ISASニュース 1998.7 No.208

第7回 「のぞみ」で挑戦するプラズマサウンダー観測

小野高幸  

 惑星電離層の上方からのプラズマサウンダー観測。そんな長年の夢がやっとかなえられようとしている。火星探査機「のぞみ」は火星到着後25mのワイヤーアンテナを本伸展するが,これらが無事完了すればいよいよプラズマ波動観測装置の出番である。これまでの米国やロシアは数トンクラスの重量級の探査機を送っているが,対する「のぞみ」はわずか540kgの超軽量級。それにも関わらず,これまでの探査機では想像もつかなかった,先端長が52mにもなるアンテナを火星で伸展しようとする試みは,それだけでも大変エキサイティングである。「のぞみ」にはこのアンテナを用いたLFA観測装置とPWS観測装置からなるプラズマ波動観測器が搭載されている。20kHzから10MHzにいたる高周波部を担当するのがPWS観測装置で,自然プラズマ波動や惑星電波の観測を行うとともに,これまでの地球電離圏,プラズマ圏,磁気圏の観測で大きな成果をあげてきた,インピーダンスプローブ及びプラズマサウンダーによるプラズマ計測の機能を有している。

 プラズマサウンダーは電離層の上方よりプラズマ波動を発射し,電離層から反射して帰ってくるプラズマ波動(エコー)を観測する。観測周波数に依存したエコーの特徴を調べることで電離層プラズマ密度の鉛直構造を知ることができるためプラズマ密度分布の遠隔探査としてきわめて有用な手法である。我が国における歴史は,1972年K-9M-40ロケットを皮切りに多くのロケット実験を通じて開発され,確立された独自の歩みを持っている。1978年に打ち上げられたEXOS-B「じきけん」衛星において確立されたプラズマサウンダーは,信頼性の高いプラズマ観測を通じてプラズマ圏・磁気圏の理解に大きく貢献することができた。EXOS-B衛星では全長60mのステムアンテナ本が用いられている。「じきけん」衛星の成功を皮切りに,1984年打ち上げのEXOS-C「おおぞら」衛星,及び1989年打ち上げのEXOS-D「あけぼの」衛星にも搭載され,電離圏電子密度分布を広範に実施して電離圏プラズマのダイナミックな変動を捉える観測がおこなわれている。なおEXOS-D衛星では計量化のため30mのワイヤーアンテナ本が使用された。このようにEXOSシリーズの科学衛星への搭載経験を積んだプラズマサウンダーは,将来の惑星探査におけるプラズマ波動観測を担当することも念頭に開発が進められたため,その性能のみならず必然的に軽量化・小型化においても大きな発展を遂げていることが特徴となった。

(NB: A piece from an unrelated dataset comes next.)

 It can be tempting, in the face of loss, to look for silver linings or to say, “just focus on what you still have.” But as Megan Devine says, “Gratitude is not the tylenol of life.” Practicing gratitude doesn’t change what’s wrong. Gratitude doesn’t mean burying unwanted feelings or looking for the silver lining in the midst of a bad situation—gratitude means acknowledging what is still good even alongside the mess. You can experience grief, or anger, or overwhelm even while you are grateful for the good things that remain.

 これらの実績を背景に,「のぞみ」搭載のプラズマサウンダー観測装置は火星電離圏の垂直構造を観測する装置として大きな使命を担うこととなった。火星の電離圏は地球のような強い固有磁場を有する惑星の電離圏とは対照的に,太陽風と電離圏大気・プラズマが直接衝突して相互作用をする特徴を持っており,その詳細な観測が待ち望まれてきた。さらに電離圏構造の観測には,果たして火星に固有磁場が存在するのかという基本的な問題に対する答えを得ることの期待も寄せられている。これまでの火星探査機による電離層観測はテレメータ電波の掩蔽効果を利用した観測やViking着陸機におけるファラデーカップによる観測のような例はあるが精度や分解能の面で疑問が残されている。Mars96による観測計画が不可能となった事情もあり,「のぞみ」での観測は世界初の火星電離層観測という期待も込められている。

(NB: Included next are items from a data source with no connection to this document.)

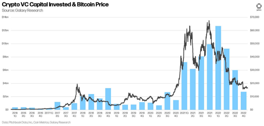 风险投资的发展趋势继续跟随比特币的价格表现,比特币价格在 2022 年第四季度创下近年的低点,VC投资也在第四季度创下低点。
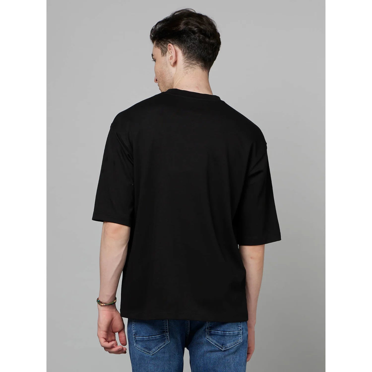 Celio Men Black Solid Boxy Fit Cotton-Blend T-Shirts
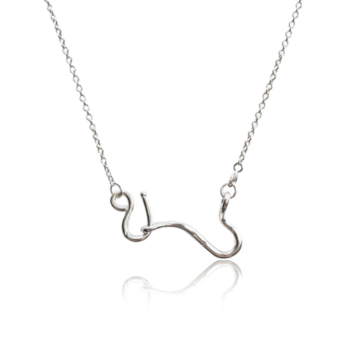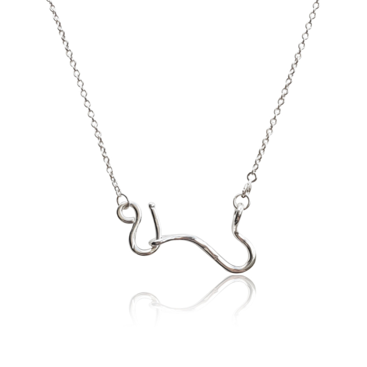 Artsy, unique and ethical. Introducing Bleu Abstract Line Art Necklace - an artisan crafted Nordic style neckpiece for artistic muses. This design features a bright silver chain necklace with a large frontal clasp feature. The clasp features 2 abstract lines sculptured in a curvy way, forming a contemporary line art flow when hooked together for closure. The surface of the curved abstract lines include intentional dent marks (they are not defects) for a raw aesthetic visual effect. Perfect for contemporary, artsy, minimalist, smart casual, casual styles and more. Hypoallergenic, nickel, cadmium and lead free.

 さらに「のぞみ」では,プラズマサウンダー観測の応用として,回路構成のわずかな変更と観測周波数の調整によって火星表面からのエコーを測定する高度計観測が試みられる。これは衛星と火星表面との距離を精確に測定する観測であるが,衛星高度を知ると言うことは逆に火星表面の凹凸を知ることである。このことを応用しての火星表面地形さらには表面付近の物質に関する新しい情報が得られることも期待されている。

 衛星打上げも無事終了して「のぞみ」の健康状態はきわめて良好である。また初期動作試験を無事に済ませたプラズマ波動観測装置はコンディションも上々,後は1年3ヵ月後の火星軌道への投入とアンテナ展開を待つだけとなった。それまで「のぞみ」の長い旅の無事を祈るのみである。